Please print exactly the lines below, from the start of the material up to and including the line with "- 잔여 복무기간이 6개월 이상 남은 사람에 한하여 신규 가입 가능", but none of the pictures.

INFORMATION SHOWN:
┌──

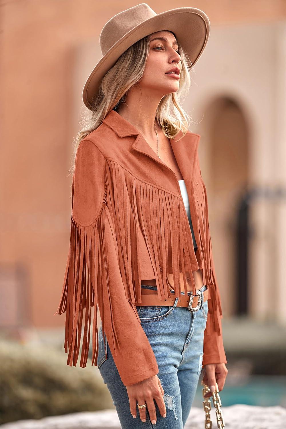 PRETTYGARDEN Women's Fringe Faux Suede Leather Jackets Fall Fashion 2025 Tassel Motorcycle Cropped Coats(Orange)
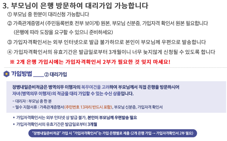 - 잔여 복무기간이 6개월 이상 남은 사람에 한하여 신규 가입 가능
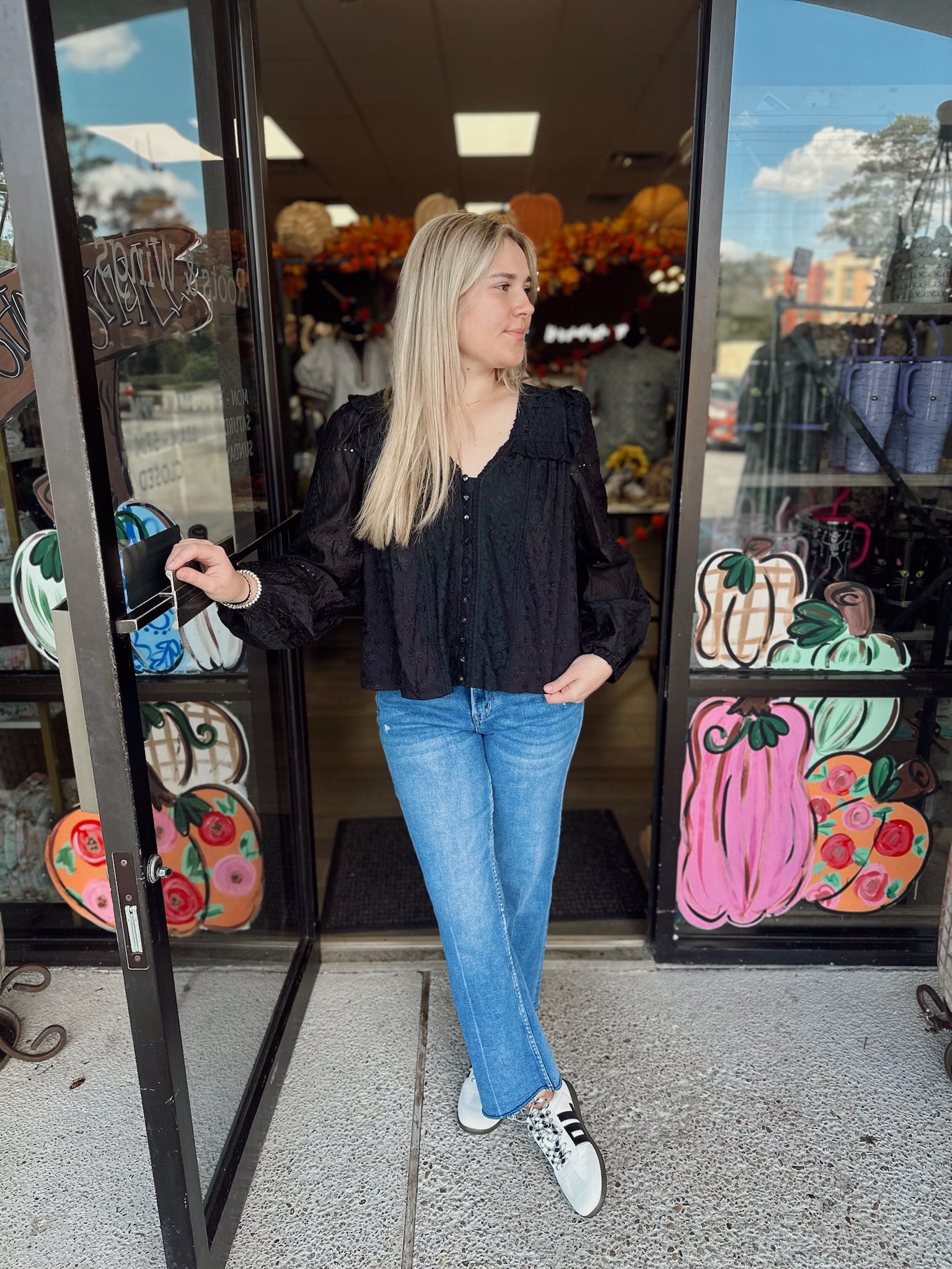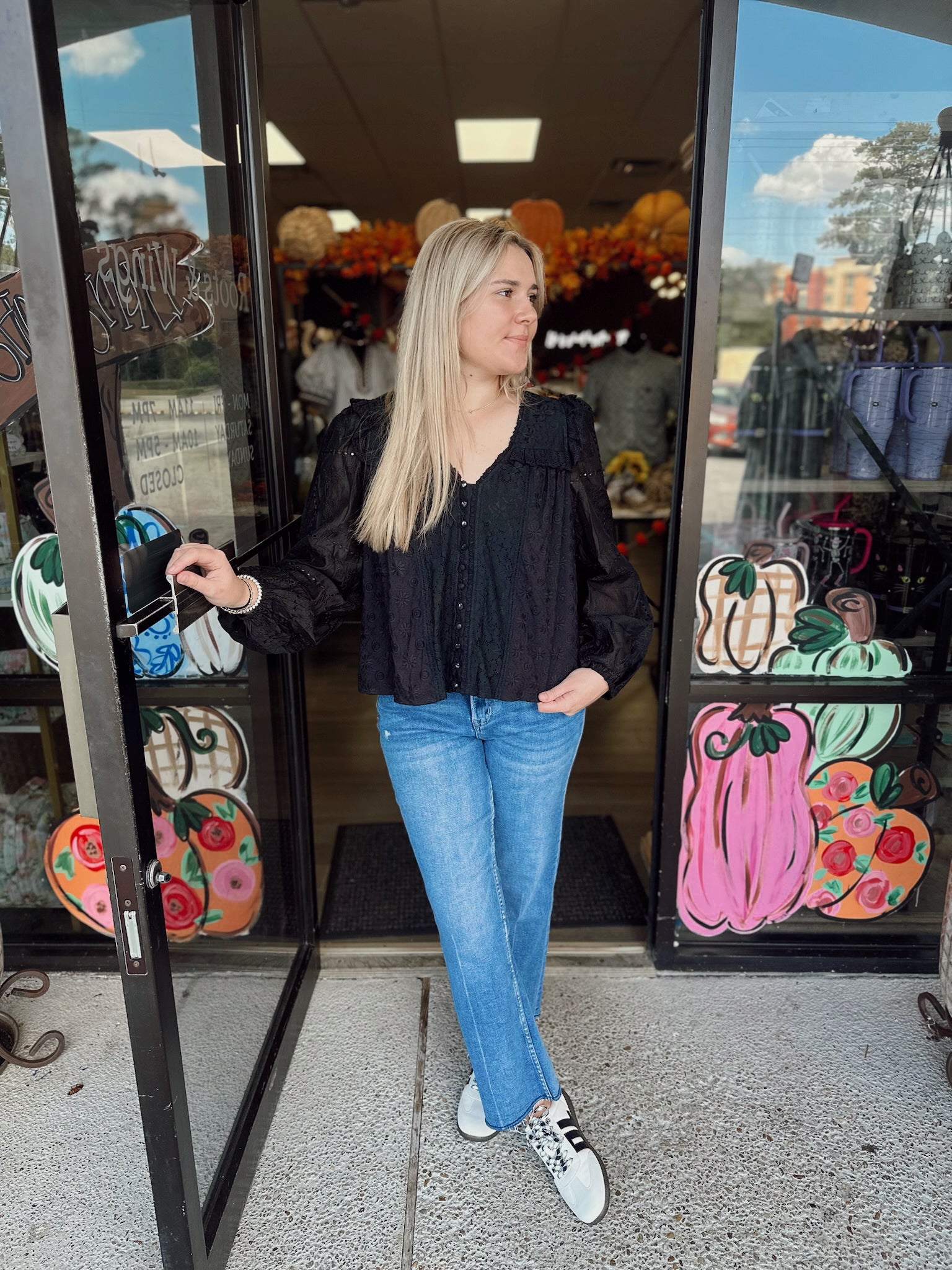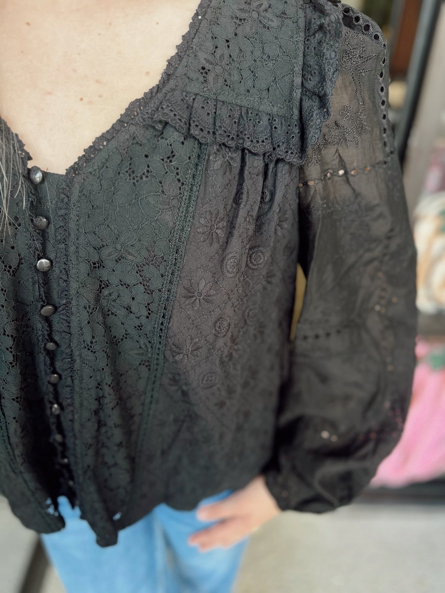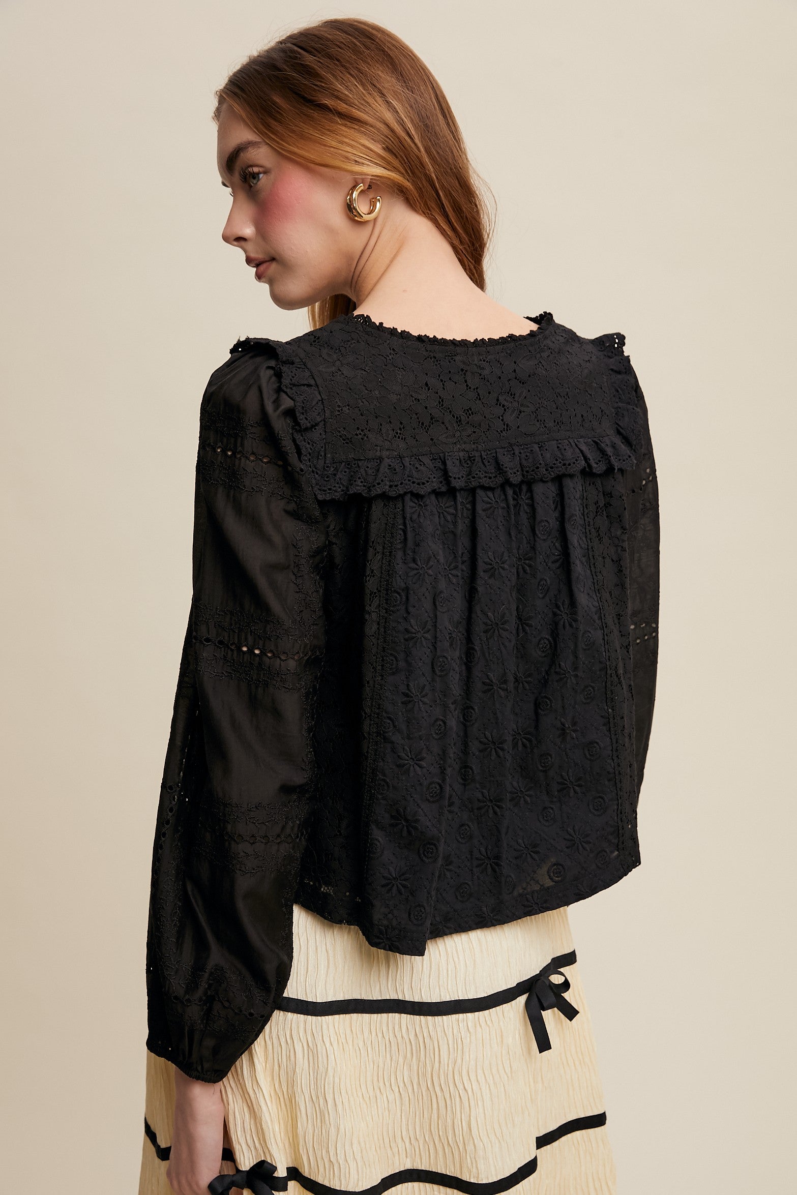 - Exquisite Lace Detail: Crafted with intricate floral lace patterns, adding a feminine and romantic charm. - Sheer Sleeves: Features lightly sheer puff sleeves with embroidery accents for an airy, elegant look. - Ruffle Accents: Delicate ruffle trims on the neckline and shoulders enhance the vintage-inspired aesthetic. - Front Button Closure: Adorned with dainty buttons that blend seamlessly into the design. - Lightweight and Lined: Made with soft, breathable fabric, with lining in the body for comfort and modesty.

└──

RESULT OF THIS EXERCISE:
 PRETTYGARDEN Women's Fringe Faux Suede Leather Jackets Fall Fashion 2025 Tassel Motorcycle Cropped Coats(Orange)
 - 잔여 복무기간이 6개월 이상 남은 사람에 한하여 신규 가입 가능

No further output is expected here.